Les classifications en biologie sont des constructions humaines. Ainsi en est-il des groupes nommés “races”. La définition traditionnelle (XIXe siècle) des “races humaines” comme groupes génétiques associés à des caractères physiques se superposant aux continents est démontée par la variation graduelle, d’un point de vue géographique des caractères humains. Il n’est ainsi pas étonnant qu’un outil comme l’Analyse en composantes principales, en traitant et en simplifiant les données génétiques, puissent aboutir à tracer des groupes, qui de fait, sont causés par la méthode d’échantillonnage et par la simplification des données représentées.

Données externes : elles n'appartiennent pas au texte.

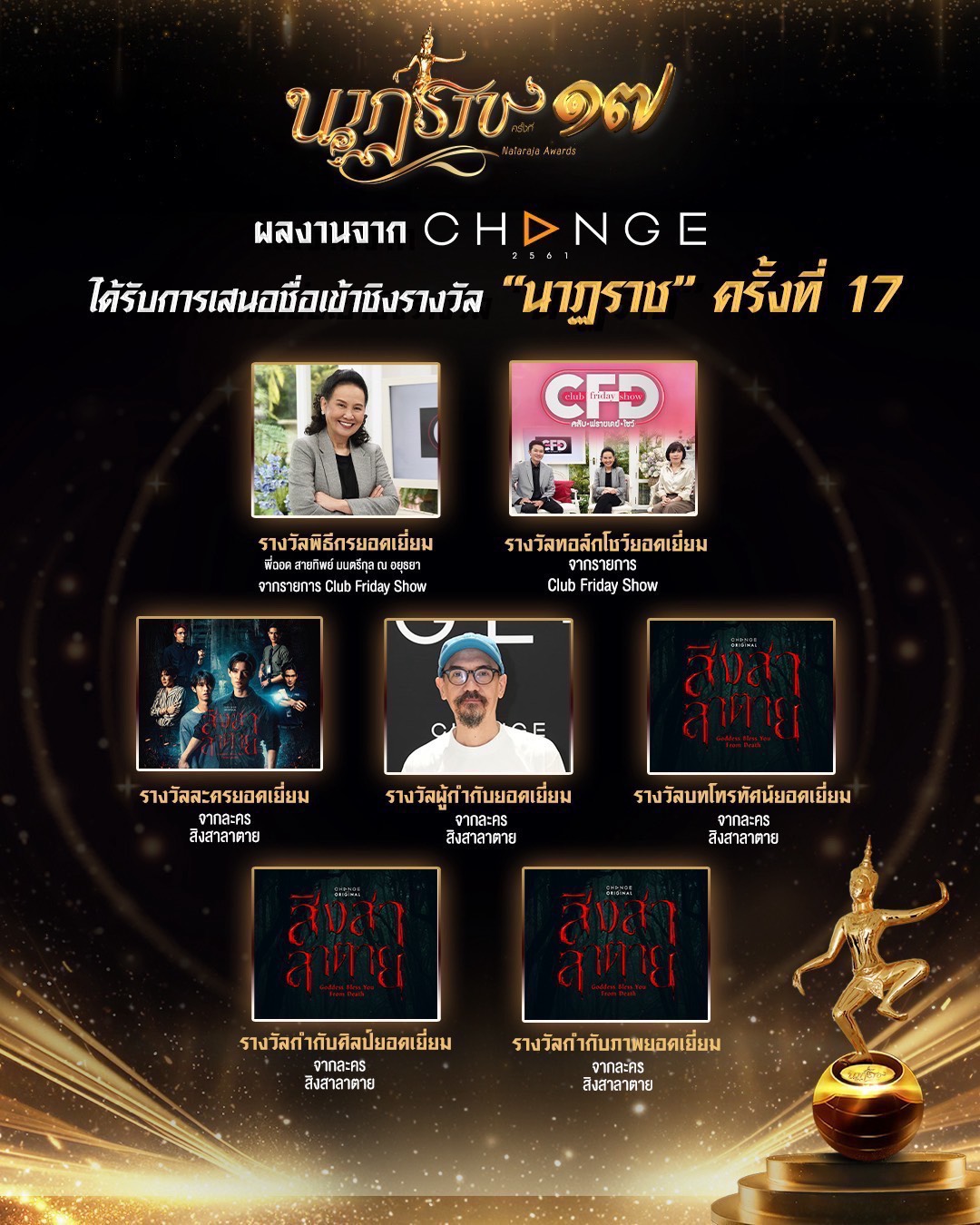 โดยทาง CHANGE2561 ขอขอบคุณสมาพันธ์สมาคมวิชาชีพวิทยุกระจายเสียงและวิทยุโทรทัศน์ ที่ให้เกียรติได้เข้าร่วมชิงรางวัลและขอแสดงความยินดีกับทุกผลงานที่ได้ร่วมเข้าชิงมา ณ ที่นี้ มาร่วมลุ้นและเชียร์ผลงานจาก CHANGE2561 ใน “นาฏราช” ครั้งที่ 17″ ประจำปี 2568 ในวันอาทิตย์ที่ 17 พฤษภาคม 2569 ณ สเฟียร์ฮอลล์ ชั้น 5 ศูนย์การค้าเอ็มสเฟียร์ และจะถ่ายทอดสดการประกาศผลทางสถานีโทรทัศน์ช่องวัน 31 (One 31) และสื่อออนไลน์ เพจนาฏราช และ oneD ตั้งแต่เวลา 18.30 น. เป็นต้นไป
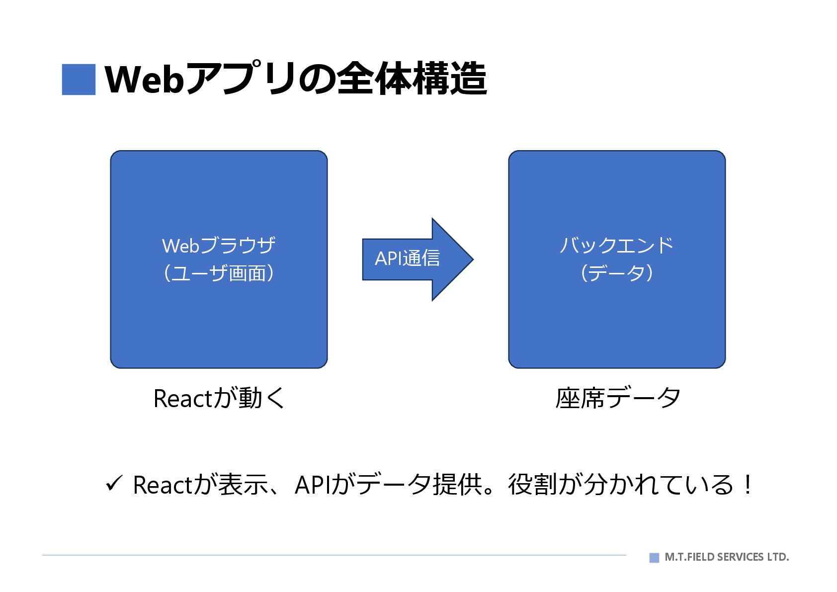 M.T.FIELD SERVICES LTD. Webアプリの全体構造 ü Reactが表⽰、APIがデータ提供。役割が分かれている︕ Webブラウザ (ユーザ画⾯) バックエンド (データ)
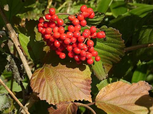 ■右:ガマズミ(萊蒾)別名アラゲガマズミ、ヨソゾメ、ヨツズミ スイカズラ科ガマズミ屬
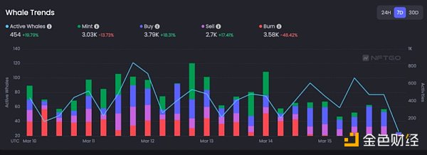 然而,大多數巨鯨依舊堅持持有各自的NFT。如果我們關注巨鯨行為及其利潤指標,可以看出市場下巨鯨Mint次數下降,而買賣行為持續增加。
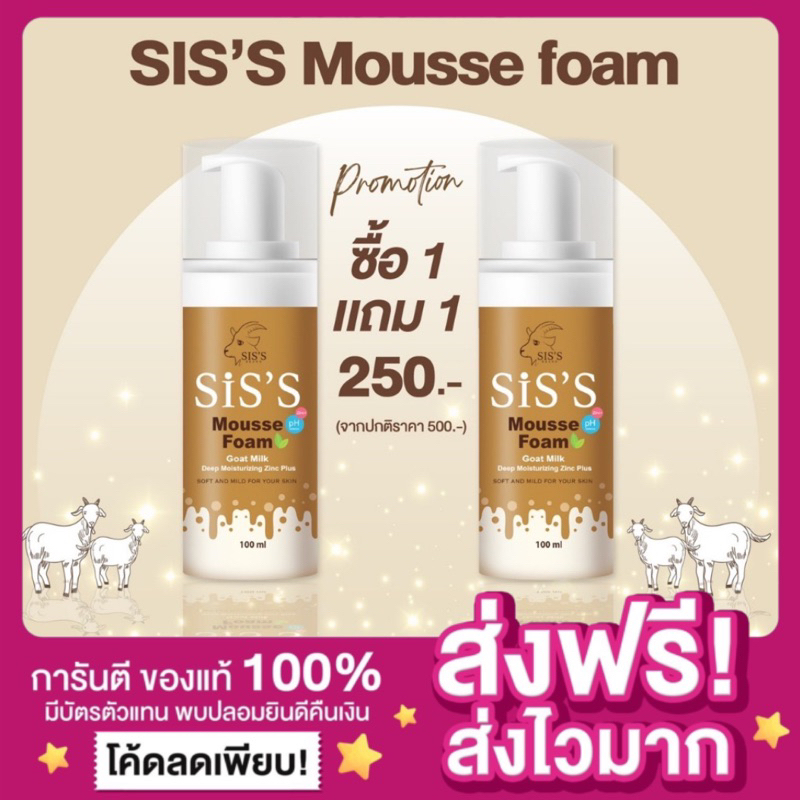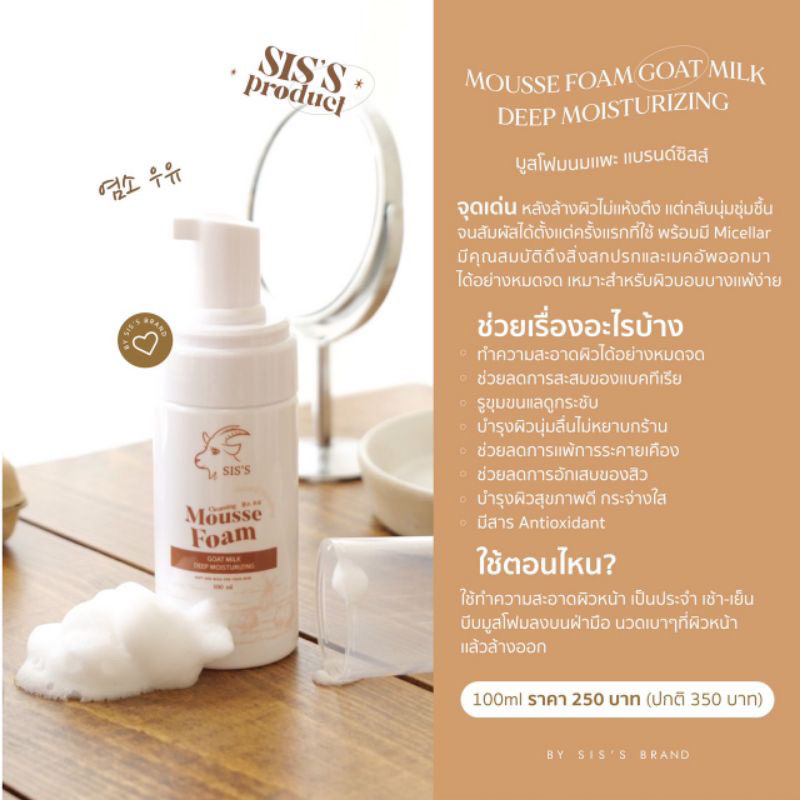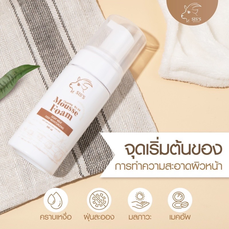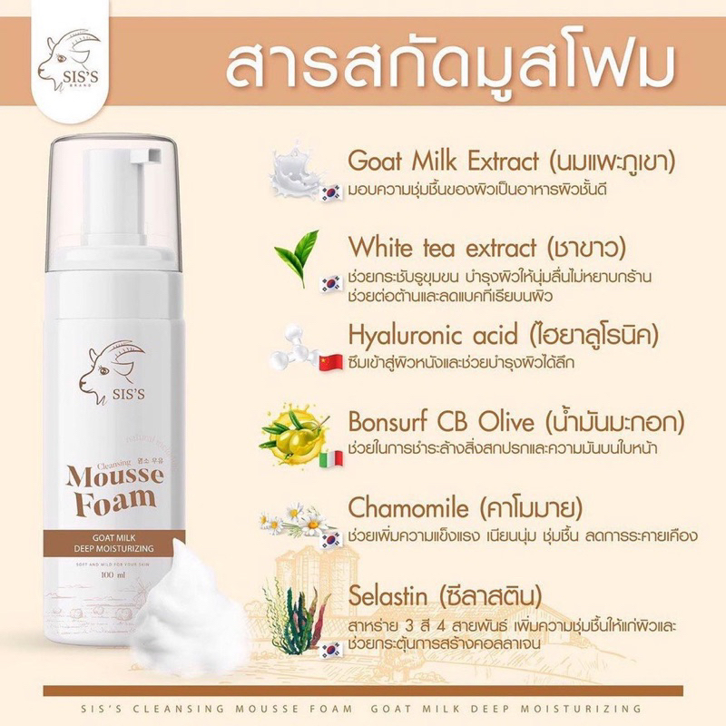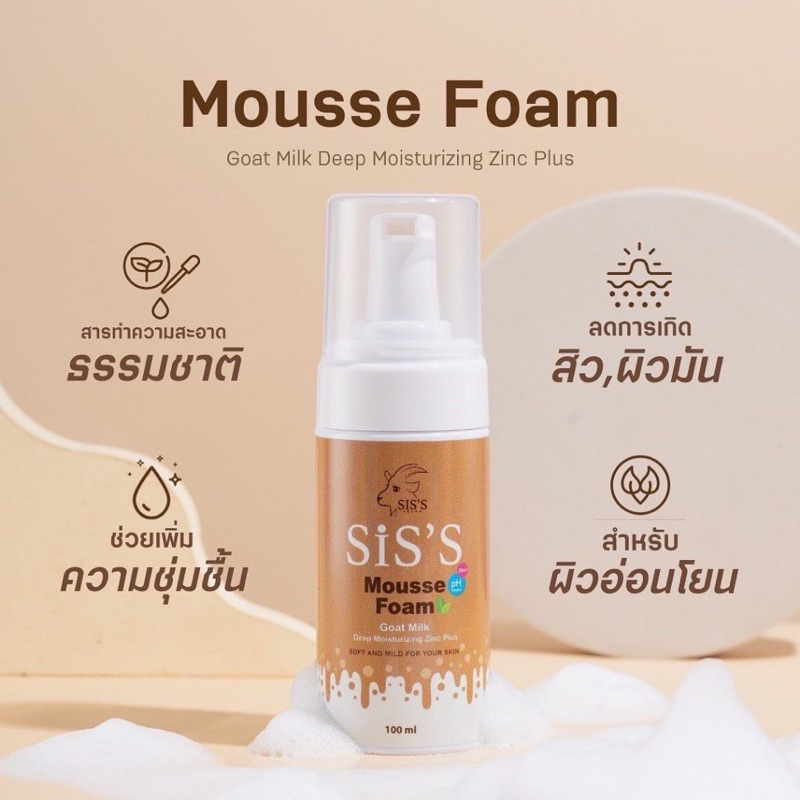 [หมดอายุ10/25 ของแท้‼️]ใหม่ SIS'S มูสโฟมนมแพะ มูสโฟมซิสส์ สารสกัดอ่อนโยน เนื้อมูสละเอียด MOUSSE FOAM GOAT MILK DEEP มูส

La répartition géographique graduelle des variations génétiques au sein de l’espèce humaine a pour cause son origine unique, l’Afrique, et son moteur principal de différenciation entre populations, l’isolement par distance : un isolement de proche en proche des populations, ces dernières continuant toutefois à échanger entre elles. Bien que d’autres mécanismes puissent intervenir dans la différenciation d’individus au sein de l’espèce humaine (comme l’isolement partiel par barrière géographique, tels une montagne ou des océans, ou par barrière linguistique), cela ne remet pas en cause que le moteur principal de cette différenciation est l’isolement par distance. Bien que cette idée fasse consensus dans le domaine scientifiques, nombre de chercheurs continuent de perpétrer la notion de “races humaines” en biologie, par divers canaux qui seront abordés dans un prochain article.